Prix Martin Ennals pour les défenseur-e-s des droits humains: Abdul Aziz Muhamat (Soudan/Papouasie Nouvelle Guinée) est le lauréat 2019
Genève (13 février 2019) – Le défenseur des droits des réfugiés Abdul Aziz Muhamat (Soudan) est le lauréat du Prix Martin Ennals pour les défenseur-e-s des droits humain 2019. Il figurait parmi les trois finalistes désignés en octobre dernier par un jury composé de dix des plus importantes organisations de défense des droits humains (voir liste ci-dessous), aux côtés du Colombien Marino Cordoba Berrio et de la Turque Eren Keskin. Tous trois ont été honorés aujourd’hui, lors d’une cérémonie organisée par la Ville de Genève.
« Cette distinction permet de mettre en lumière la politique extrêmement cruelle du gouvernement australien à l’égard des migrants et des demandeurs d’asile.

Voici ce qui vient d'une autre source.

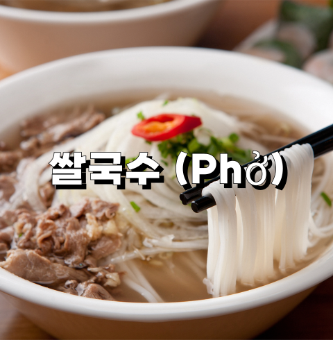 쌀국수는 북부 지역 하노이의 Phở Bò'(소고기 쌀국수)와

Elle attire également l’attention sur les dangers et les mauvais traitements auxquels doivent faire face les réfugiés, y compris de la part d’Etats qui prétendent respecter la Convention sur les réfugiés », a déclaré le lauréat.
Libres et en sécurité
Abdul Aziz Muhamat fuyait la guerre au Darfour. Il a été transféré de force sur l’île de Manus, en Papouasie-Nouvelle-Guinée, en vertu de la politique d’immigration « offshore » de l’Australie, après que le bateau dans lequel il tentait de rejoindre ce pays a été intercepté par les autorités. Depuis plus de cinq ans, son quotidien, tout comme celui de centaines d’autres hommes, est fait de privations, de brimades, d’humiliations et de violence.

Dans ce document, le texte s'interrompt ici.